I hear your delema with hauling a quad and a dirtbike. I have found these racks and am planning on getting one the future because I will have 2 quads to haul. Makes it easier. You can find them by searching atv truck carrier. Here are a couple links to some carriers. They can carry 2 quads in the back to the truck and still have storage under the bikes.
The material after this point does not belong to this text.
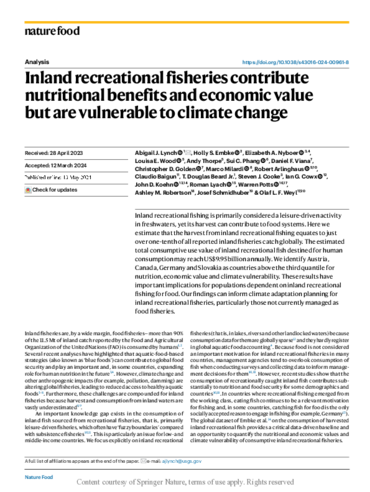 Lynch, A.J., Embke, H.S., Nyboer, E.A., Wood, L.E., Thorpe, A., Phang, S.C., Viana, D.F., Golden, C.D., Milardi, M., Arlinghaus, R., Baigun, C., Beard Jr., D., Cooke, S.J., Cowx, I.G., Koehn, J.D., Lyach, R., Potts, W., Robertson, A.M., Schmidhuber, J., Weyl, O.L.F. Inland recreational fisheries contribute nutritional benefits and economic value but are vulnerable to climate change. Nature Food, 2024.

http://www.discountramps.com/atv-truck-rack.htm

http://www.bulldogatv.com/

Greg


----------



## Oregon_Camper (Sep 13, 2004)

gberiksen said:


> I hear your delema with hauling a quad and a dirtbike. I have found these racks and am planning on getting one the future because I will have 2 quads to haul. Makes it easier. You can find them by searching atv truck carrier. Here are a couple links to some carriers. They can carry 2 quads in the back to the truck and still have storage under the bikes.
> 
> http://www.discountramps.com/atv-truck-rack.htm
> 
> ...


Dem's some really nice racks!

What about us poor SUV'ers?


----------



## renegade21rs (Oct 8, 2006)

birddog74 said:


> Sounds like an odd setup. Not sure Id wanna be around him on the highway.


It's called a "recreational double." A pickup, towing a 5er, can "legally" tow another trailer behind it. Don't know if I'd want to be responsible for one.


----------